Now, Mr. Martin is not the president of science fiction and fantasy. He does not occupy a position of leadership or authority with WorldCon. He is not affiliated with the Hugos except insofar as they are occasionally affiliated with him. This party that he instituted is a Hugo tradition, but it’s not a Hugo institution. In short, the party is no more an official ceremony than a guy who looks like Drunk Scary Santa Claus is an official presenter, which he is no more than the hood ornaments he’s passing out are official trophies.

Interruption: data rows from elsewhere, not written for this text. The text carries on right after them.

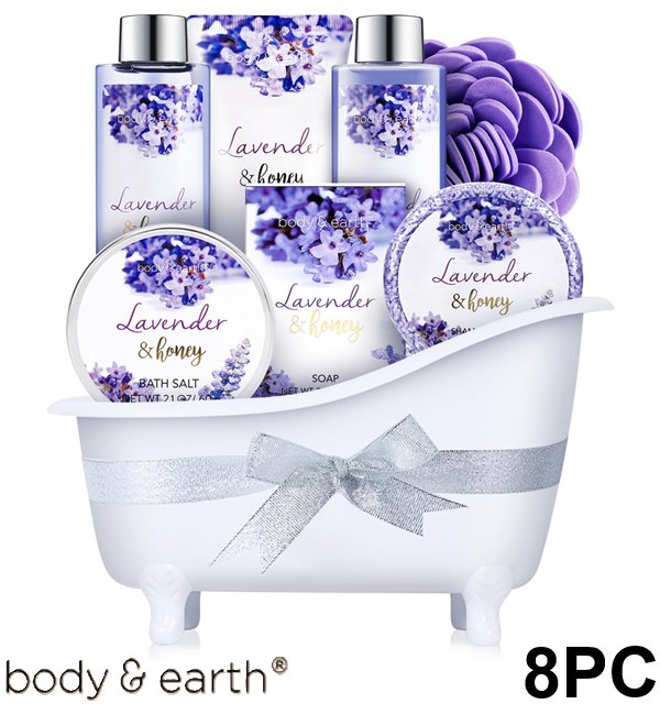 8pc body & earth bath set WITH BATHTUB CONTAINER - includes shower gel, bubble bath, scented candle, soap, lotion, bath salts - lavender/HONEY SCENTED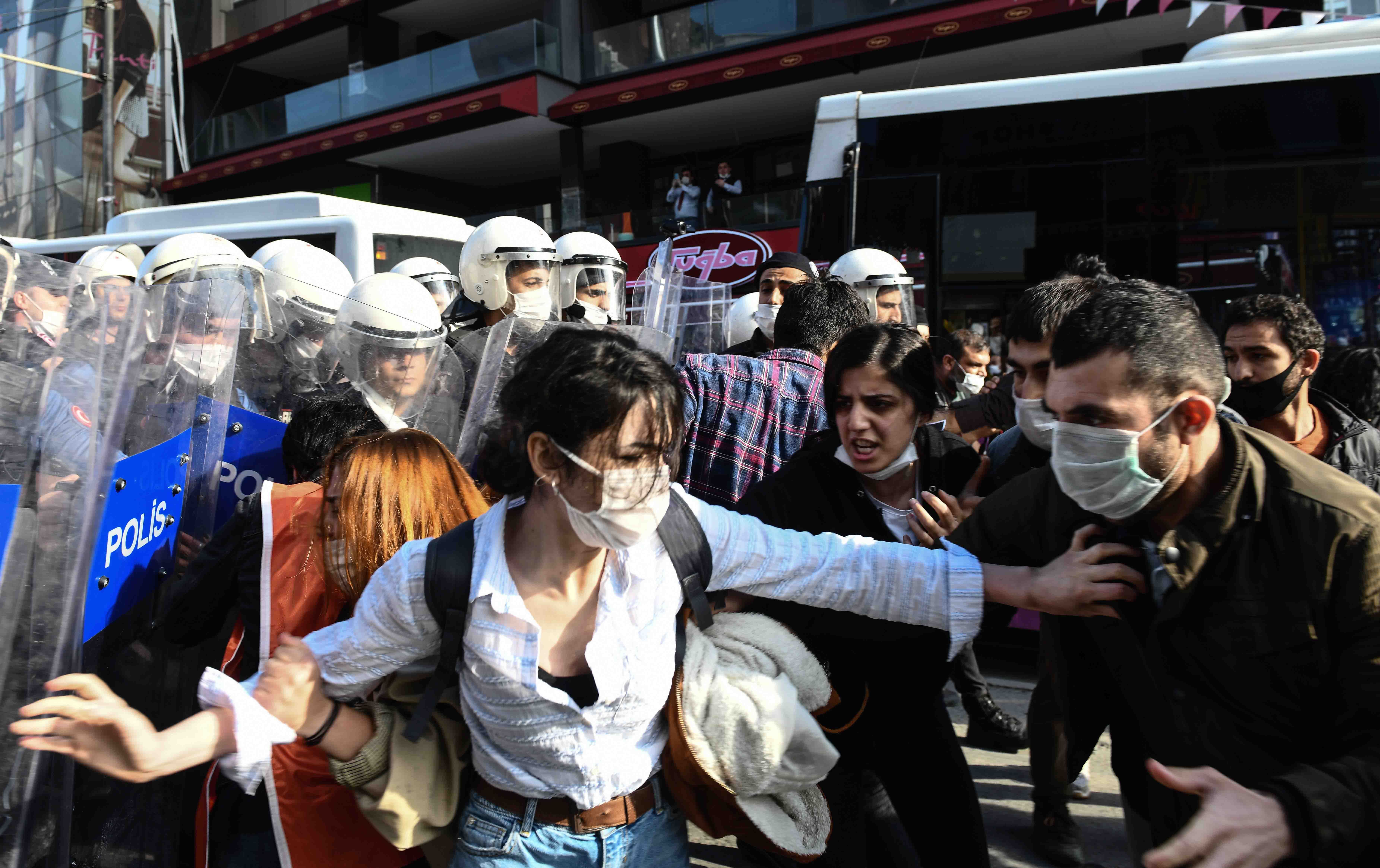 Turkish police officers, in riot gear, and wearing face masks scuffle with protesters during a demonstration in Istanbul. Photo: Omer Kuscu/AP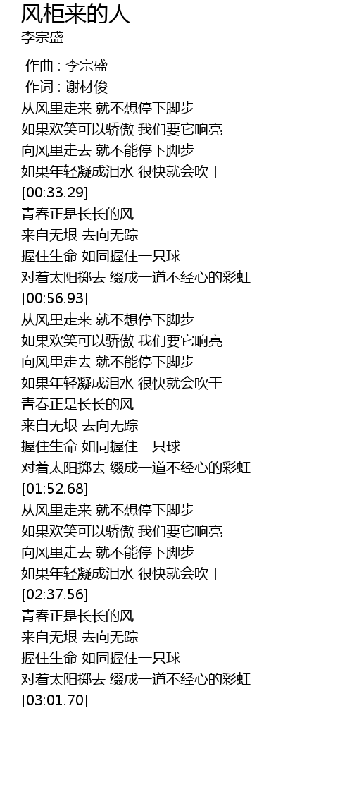 | [00:34.50] | qing chun zheng shi chang chang de feng |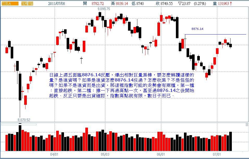 2011/7/5解盤中我已經提到目前箱體的頂底,理論上已經確認出來,箱頂在9099.75,箱底在8433.46,這個區間不小有666.29點,所以按照箱型的三分法來看相對強弱,一個區間是222點,箱型最大反壓(上方三分之一)的地方也正好在8877.65,有沒有與關鍵點8876.14非常接近,所以主力在做箱底也不是亂作的,誤差很小.目前週線收盤價在8749.55,落在上三分之一8877.65與下三分之一8655.55的中間,暗示未脫箱型盤整架構,有效突破8877.65則向上軋空,有效向下跌破8655.55則繼續殺多.關鍵點8876.14沒過,週線還是殺多盤態;就算8876.14越過也只是不殺多,指數在這裡要確立多頭趨勢,困難度很高而且還有好多條件要達成,真的只能慢慢等.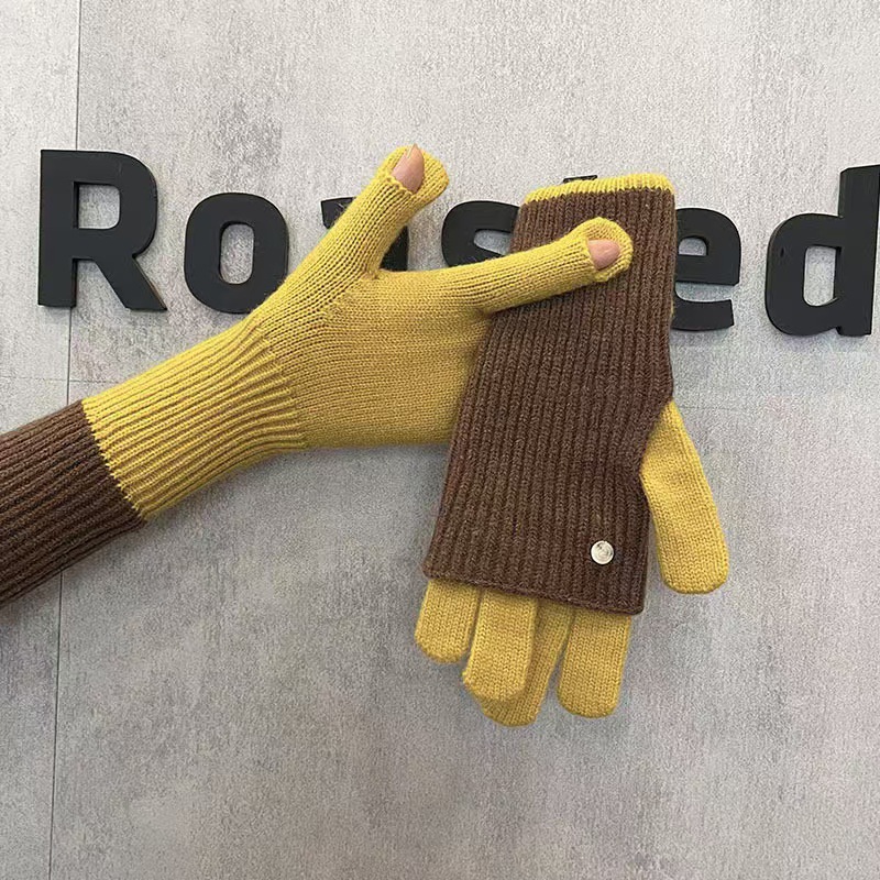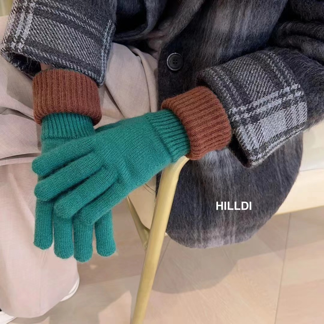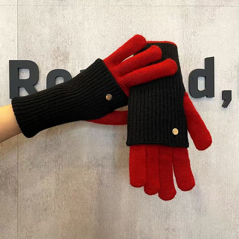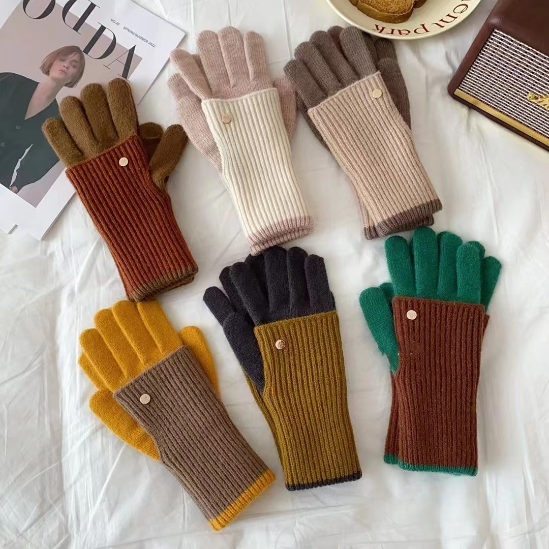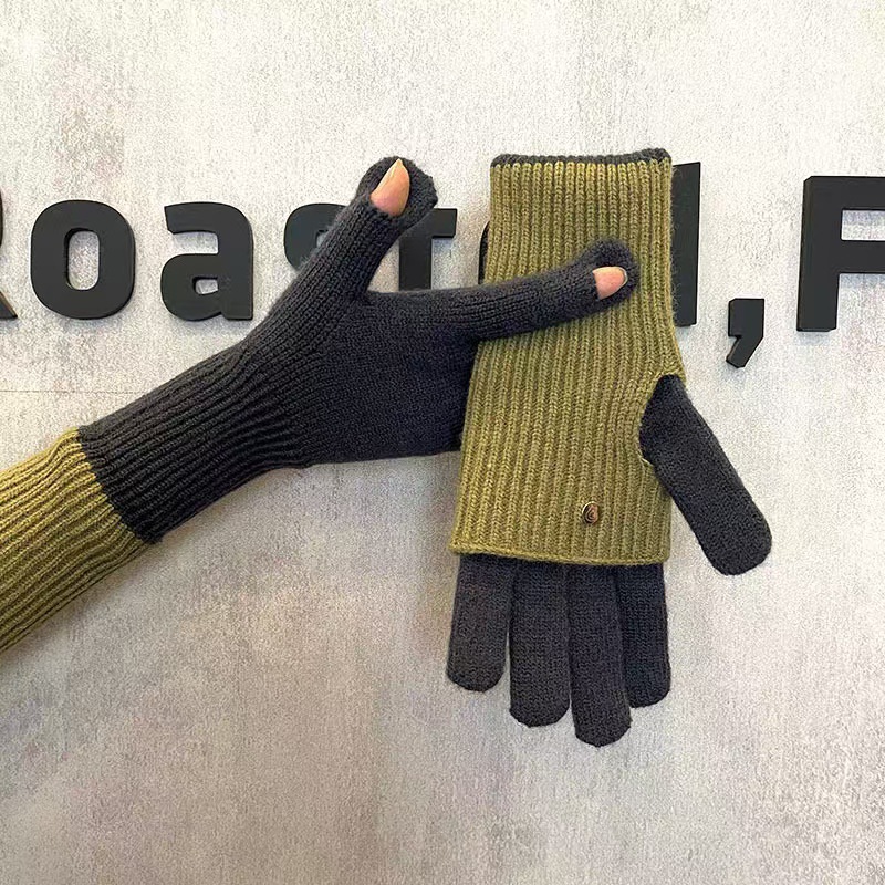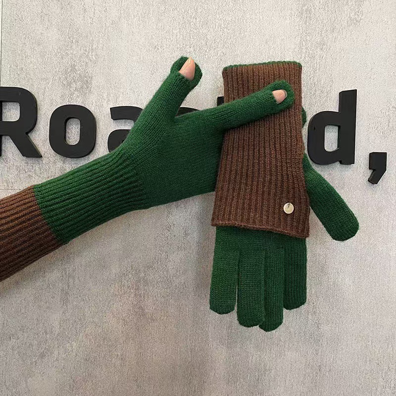 2024 새로운 겨울 니트 장갑 따뜻한 터치 스크린 길이 이중 목적 한국 승마 컬러 매칭 학생 커플스토어 가기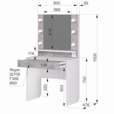 Туалетный стол с подсветкой Акцент 12 (Аквилон)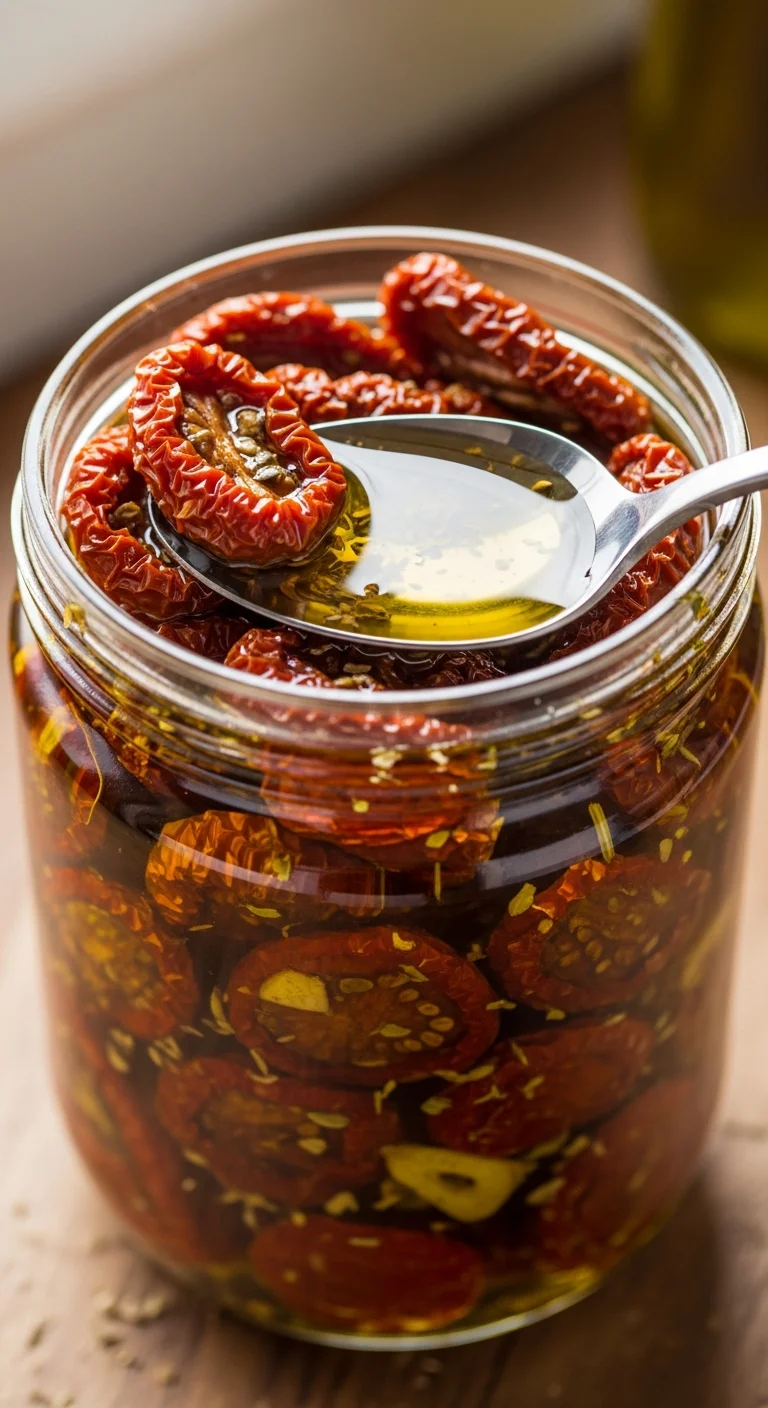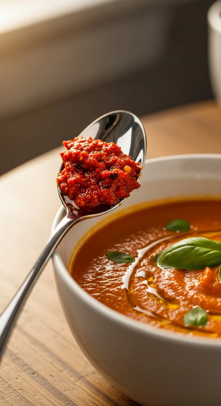 Instead of plain oil, use the oil preserved with sun-dried tomatoes. This oil is infused with intense tomato flavor, garlic, and herbs, intensifying the overall brightness of the soup.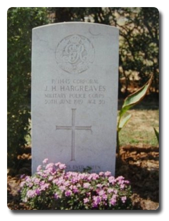 | Notes: | MFP. Awarded the Victory and War Medals. First served abroad (4) Mesopotamia, 7/6/1916. Formerly served in the 6 Loyal North Lancashire Regt. No. 23151. He was born , enlisted and resided in Chorley. Inscription on gravestone: Memories ever green, from his devoted wife Martha. 10/12/1915 he enlisted in the North Lancashire Regiment No. 23167, 17/2/1916 mobilized, age 26 years, occupation fish merchant, address: 4 Pall Mall, Chorley, Lancashire. 7/6/1916 transferred to MFP. 10/12/1915 served Home, 9/6/1916 to Mesopotamia, 10/7/1918 invalided to India, 30/6/1919 died Delhi, India. 19/1/1916 he married Martha Toothill, spinster at Parish Church, Chorley, address: 27 Anderton Street, Chorley, the had 1 x daughter Jennie born 5/8/1916. 19/1/1920 widow received 23/- per week pension. Info from Army Register of Soldiers Effects 1901-1929. 306/1919 died Delhi, India. Info from Pension Index Card:- Hargreaves, James Holt, No. P/11445, MFP, L/Cpl. Widow Martha, 74 Anderton Street, Chorley, Lancashire. 23/7/1919 she received a £5 grant. James Holt Hargreaves. |
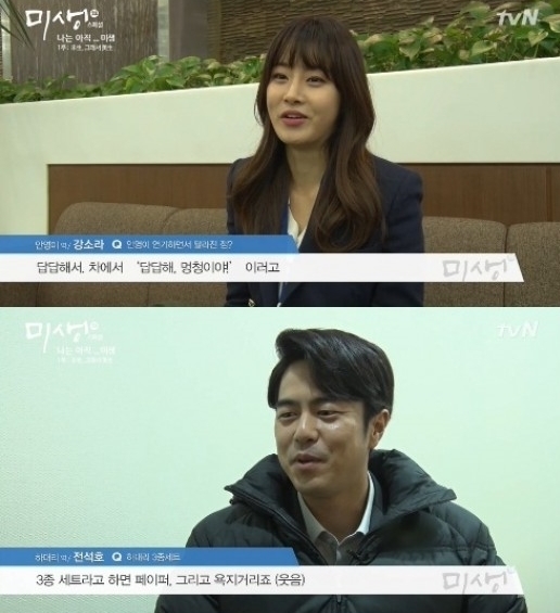 ▲ 전석호 강소라 미생 미생 김원석PD가 강소라와 전석호가 원래 러브라인이었다고 말했다. 지난 12월 26일 방송한 tvN 금토드라마 '미생'(극본 정윤정, 연출 김원석) 스페셜 '나는 아직…미생' 1회에서는 안영이 역의 강소라와 하대리 역의 전석호 관계가 분석됐다. 이날 강소라는 “안영이 역을 하며 실제 내 성격이 격해졌다. 차 안에서 너무 답답해 ‘답답해 이 멍충아’라..

George R. R. Martin, in his private capacity as an individual human being, thought he would have some fun and recognize some individuals he thought could use some recognition/a laugh.

And a few Puppies “caught him” doing it, and immediately started casting around for “evidence” and wringing their hands with glee over the thought that they’d found proof that the Hugo award ceremony was a scam, that the fix was in, that the real awards were being handed out by Drunk Scary Santa Claus to the people ordained by the hive mind…

It’s funny, but you know, this is the difference between the Sad Puppies and everybody else. 

All along, people have been telling the Sad Puppies that if they don’t like the tastes of the broader fandom that selects the Hugo Awards or they don’t like how the awards are administered, they’re welcome to go make and give out their own awards.

The Puppies, meanwhile, not only demand complete control over these awards right here, they’re outraged at the idea that someone they disagree with can just up and decide to give out an award they don’t have any influence over.

If you want proof positive that the Puppies won’t be happy until everything is under their control, if you want the ultimate refutation of their cherished PR myth that they are anti-authoritarian, look no further than this: the epic tantrum they threw over a private individual taking it upon himself to hand out trophies he made as he saw fit.

Isn’t it GRR Martin’s freedom of speech, as an individual, to pass out any awards as he sees fit? And remember, he passed out two of them to people on the Puppy slate–Annie Bellet and Marko Kloos–who declined their nominations because they didn’t agree with how the Puppies ran things.

I think that’s where they got the idea that this was the SJW hivemind, giving out the “real” awards.